# Grabbing the bit...



## ladybugsgirl (Aug 12, 2009)

So I have only had my horse a month and a day. When he is being ridden he likes to take "grabs the bit" and is heavy on your hands. He had his teeth done last year. I currently ride him in a 5" french link. The lady I got him from said she would ride him in a 5" so i was going to do the samebut when I put my bit in it is small in his mouth so I ordered a 5.5" french link which I think well be alittle more comfortable for him. But any tips would be great.


----------



## MIEventer (Feb 15, 2009)

A horse who grabs the bit, does so because they are unbalanced and are looking to you, the rider, for that false sense of balance. They lean into your hands, because they are on their forehand, not using themselves properly - instead of working off of their back end and carrying themselves.

I suggest you start taking dressage lessons if you can, or arent' already doing so. If you are, I would sit down with your coach and discuss this issue so that they can help you be more effective in the saddle, to help your horse be more effective with using themselves.


----------



## MyBoyPuck (Mar 27, 2009)

Does he do this at all gaits? Can he balance himself at the walk without resistance? Do you have an video? It might just be uncomfortable to him. No real way of knowing without seeing him moving.


----------



## ladybugsgirl (Aug 12, 2009)

Forgot to put in that his steering needs work but has gotten better and is doing so much better with moving off leg then when I got him as well. But I thought he felt like he was more on the fore because I could feel it alittle but because I couldn't ride and watch him at the same time I wasn't certain. I have a girl riding him and when she rides I am able to view what he is doing I well try to get a video


----------



## MIEventer (Feb 15, 2009)

Our horses reflect 100% of what we are doing in the saddle - so if the rider isn't using themselves properly, to encourage the horse to use themselves properly, it wont get fixed. 

It isn't what the horse is doing - the question is, what is it that you are doing?


----------



## ladybugsgirl (Aug 12, 2009)

I use alot of transations to try to help him get off the fore and use his hind. I know the previous owner didnt do much with him and just let him do his own thing and told me that she just let him go where he wants cuz she couldnt get him to go where she wanted him to go . I dont think its necessary me as a rider doing anything wrong but trying to correct the 8 years of him being ridden that way. Ive only had him a month and even in that short time he seems to have improved slowly but surely. He still tries to test me but hes found that im not as lenient(spelling) as his old mom was.
_Posted via Mobile Device_


----------



## MIEventer (Feb 15, 2009)

I don't think testing has anything to do with it - it's the fact that he isn't using his body properly.
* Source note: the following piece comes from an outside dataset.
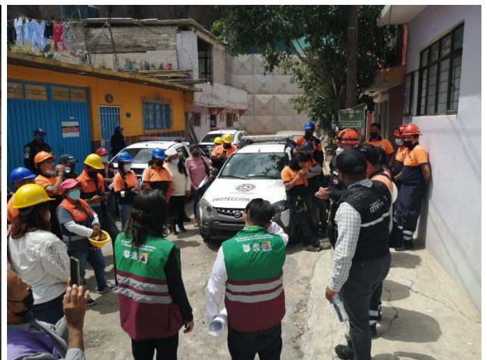
Fotografías 1 y 2: Obtenidas por personal de Protección Civil en la alcaldía Iztapalapa, en donde se visualizan realizando actividades de emergencia, así como actividades cotidianas como son en su mayoría revisiones a casa habitación

There is no quick cure fix for this, he is unbalanced, going around on his forehand and not using himself properly.

Only his rider is going to beable to teach him to use himself correctly, but that can only be achieved if the rider is using themselves properly.

My horse used to be heavy in my hands a lot when I first started riding him. His previous owner could get on him, and get him using himself properly. Then I would get on him, and guess what - he'd go right back to hanging off my hands. 

When I learnt how to use myself correctly, to get him to use himself properly, the issue went away. Dressage, dressage, dressage, dressage - learning how to ride in a proper position, using my seat and my legs and driving him forward into the bit - riding back to front, not front to back - that's what fixed it.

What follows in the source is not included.